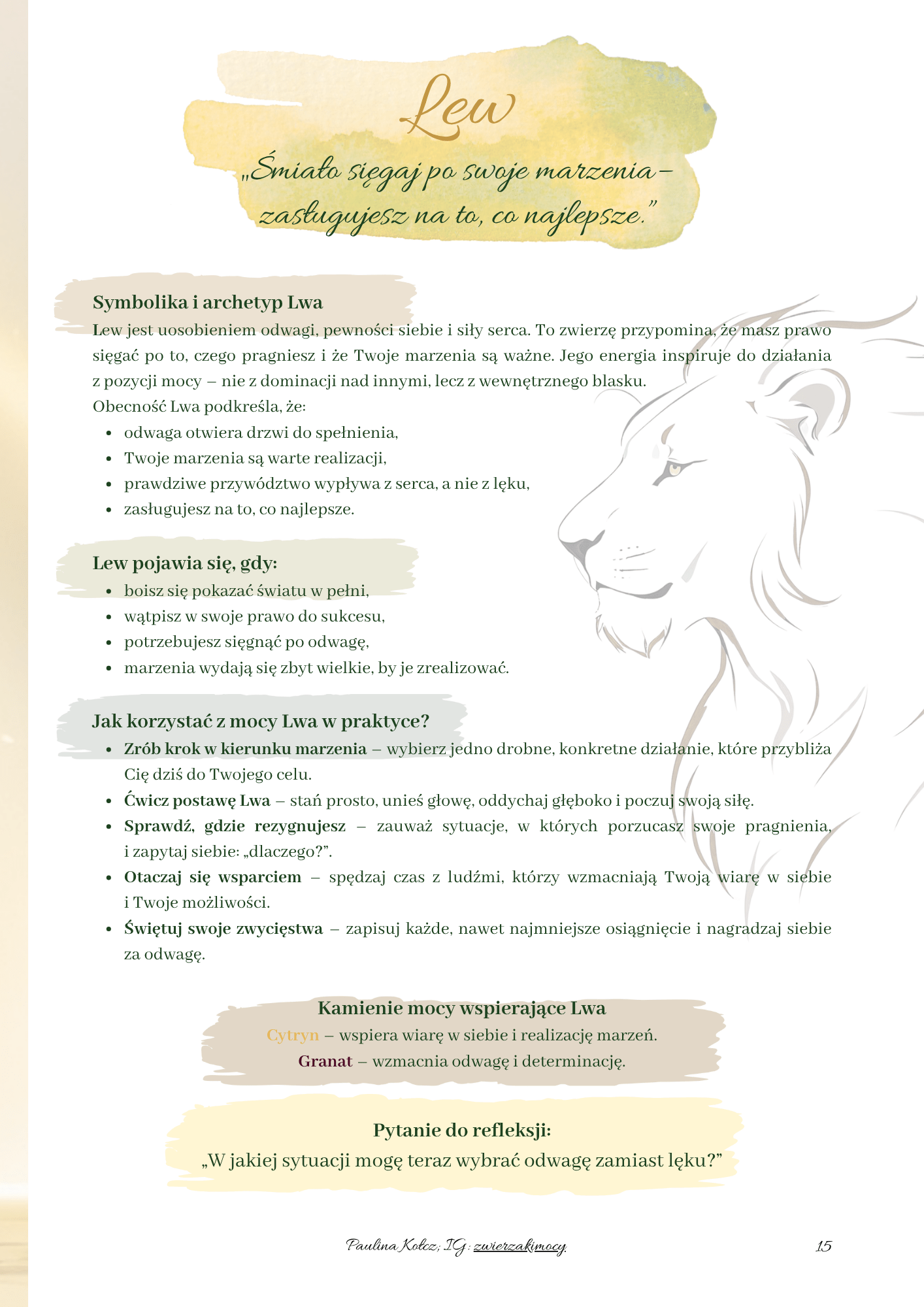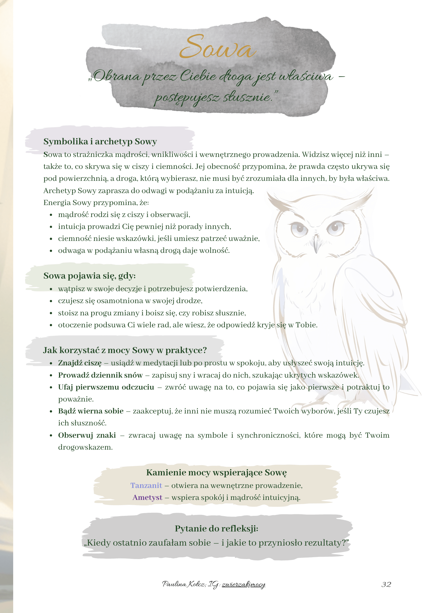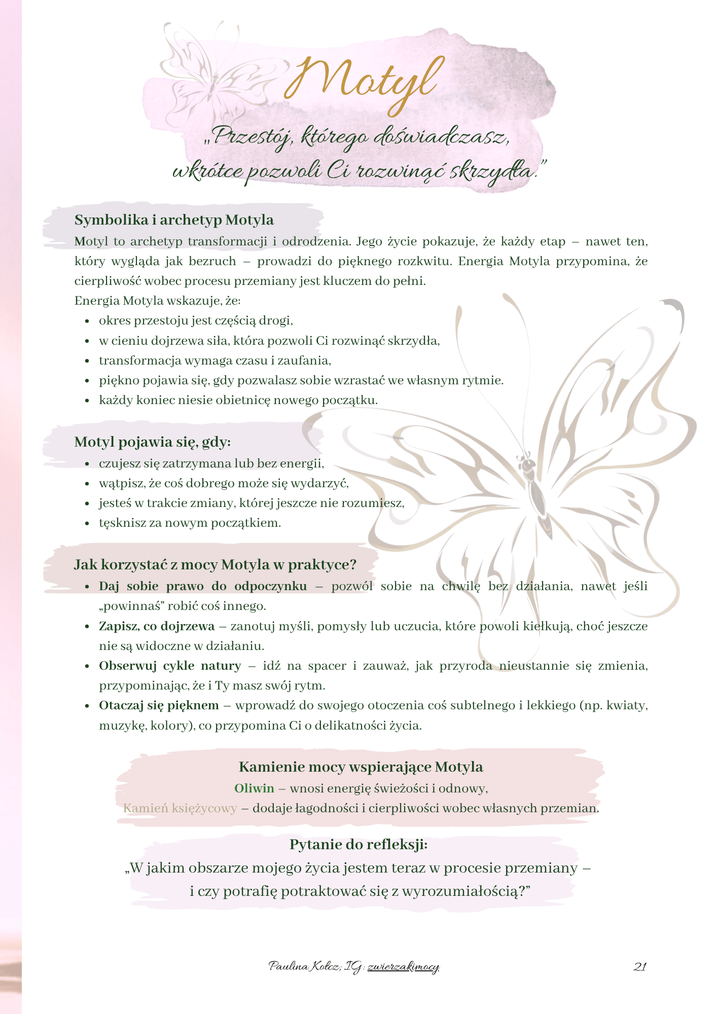 „Zwierzaki Mocy mówią do Ciebie” to ebook, który otwiera drzwi do świata symboli i intuicji. Każde zwierzę niesie przesłanie i prostą praktykę, dzięki której w kilka minut poczujesz spokój, lekkość i inspirację. To przewodnik, który pięknie uzupełnia talię Kart Przewodnictwa Duchowego – Zwierzaki Mocy, dając Ci jeszcze głębsze zrozumienie i konkretne wskazówki do codziennego życia.
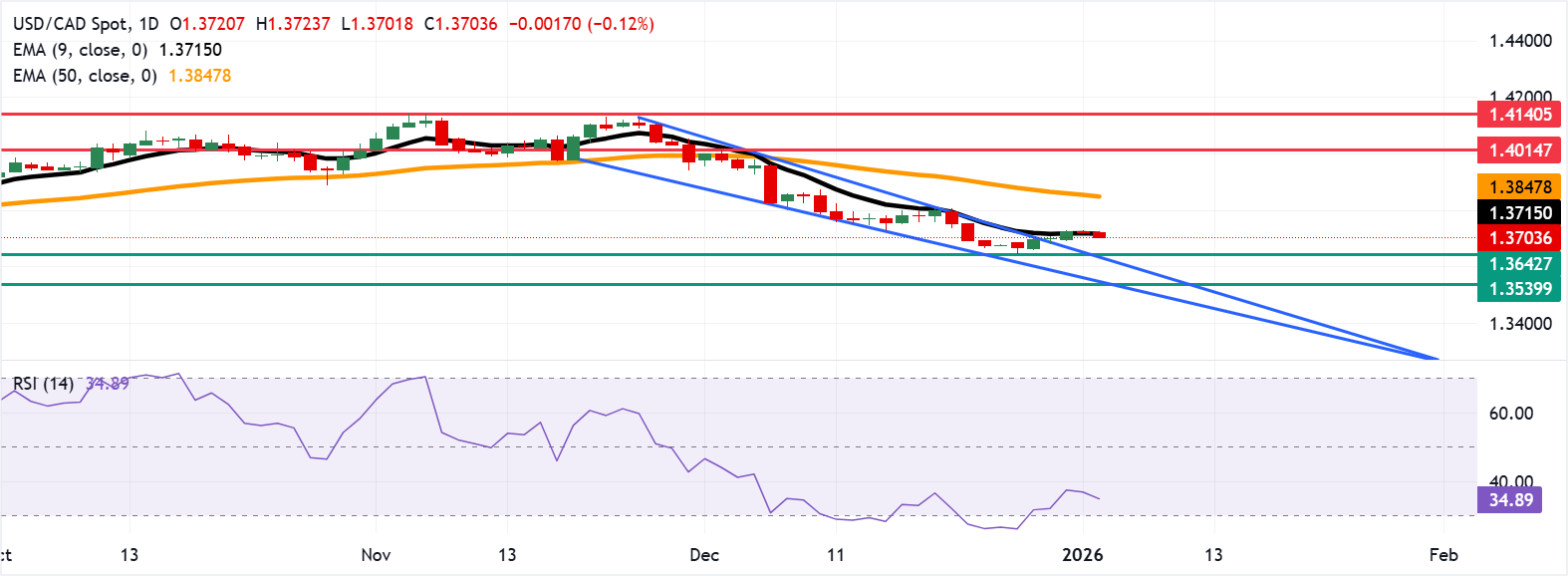 USD/CAD mencatat sedikit penurunan, diperdagangkan di sekitar 1,3700 selama perdagangan sesi Eropa pada hari Jumat. Analisis teknis grafik harian menunjukkan penembusan ke atas di atas pola descending wedge bullish. Relative Strength Index (RSI) 14-hari di 35,12, di bawah garis tengah, mencerminkan momentum lemah setelah kenaikan dari level-level di bawah 30.
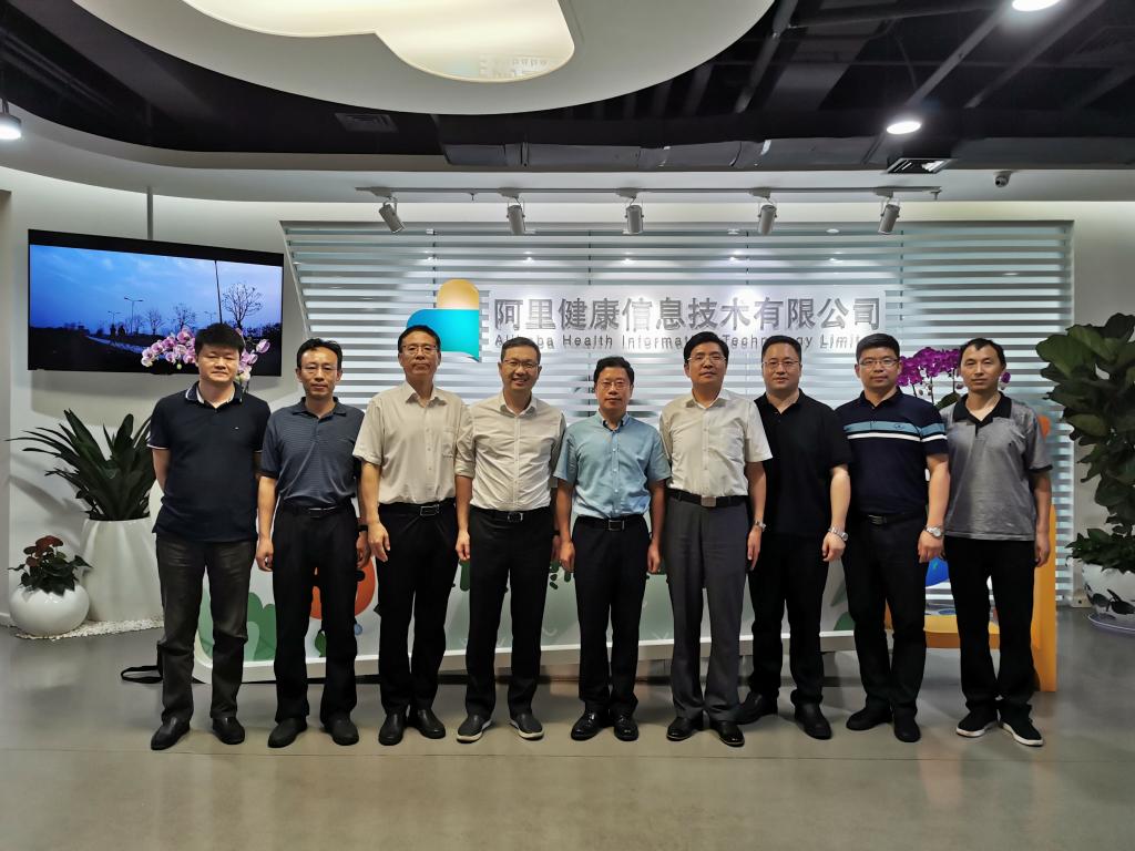 校领导一行在阿里健康信息技术有限公司,与朱顺炎等校友进行了亲切会谈。
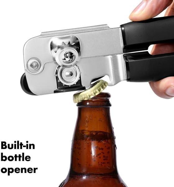 With its large, easy-to-operate turning-mechanism, this can opener does its job with minimal effort on your part. The nonslip, oversize handles fit the hand comfortably, absorbing the tension of keeping the can opener in place while the stainless-steel teeth bite into the lid with the ease of a great white shark. The built-in bottle opener, sturdy construction, and ease of use make the Good Grips can opener one of the best on the market.
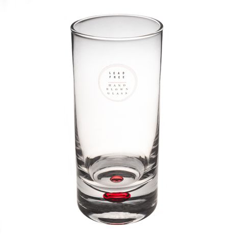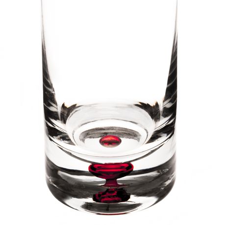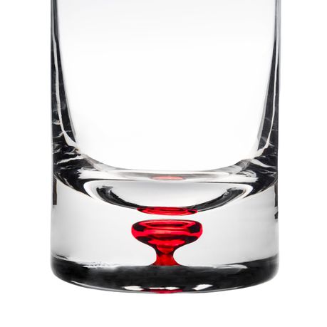 Made of perfectly rounded, thick, transparent glass poised on a base that is injected with a brilliant, vivid blob of coloured pigment, giving the drinking glasses their unique characteristic.

**Work instruction:**
Only the text of the listing should be returned, exactly and in full; no image goes into the copy.

**Written solution:**
 „Zwierzaki Mocy mówią do Ciebie” to ebook, który otwiera drzwi do świata symboli i intuicji. Każde zwierzę niesie przesłanie i prostą praktykę, dzięki której w kilka minut poczujesz spokój, lekkość i inspirację. To przewodnik, który pięknie uzupełnia talię Kart Przewodnictwa Duchowego – Zwierzaki Mocy, dając Ci jeszcze głębsze zrozumienie i konkretne wskazówki do codziennego życia.
 USD/CAD mencatat sedikit penurunan, diperdagangkan di sekitar 1,3700 selama perdagangan sesi Eropa pada hari Jumat. Analisis teknis grafik harian menunjukkan penembusan ke atas di atas pola descending wedge bullish. Relative Strength Index (RSI) 14-hari di 35,12, di bawah garis tengah, mencerminkan momentum lemah setelah kenaikan dari level-level di bawah 30.
 校领导一行在阿里健康信息技术有限公司,与朱顺炎等校友进行了亲切会谈。
 With its large, easy-to-operate turning-mechanism, this can opener does its job with minimal effort on your part. The nonslip, oversize handles fit the hand comfortably, absorbing the tension of keeping the can opener in place while the stainless-steel teeth bite into the lid with the ease of a great white shark. The built-in bottle opener, sturdy construction, and ease of use make the Good Grips can opener one of the best on the market.
 Made of perfectly rounded, thick, transparent glass poised on a base that is injected with a brilliant, vivid blob of coloured pigment, giving the drinking glasses their unique characteristic.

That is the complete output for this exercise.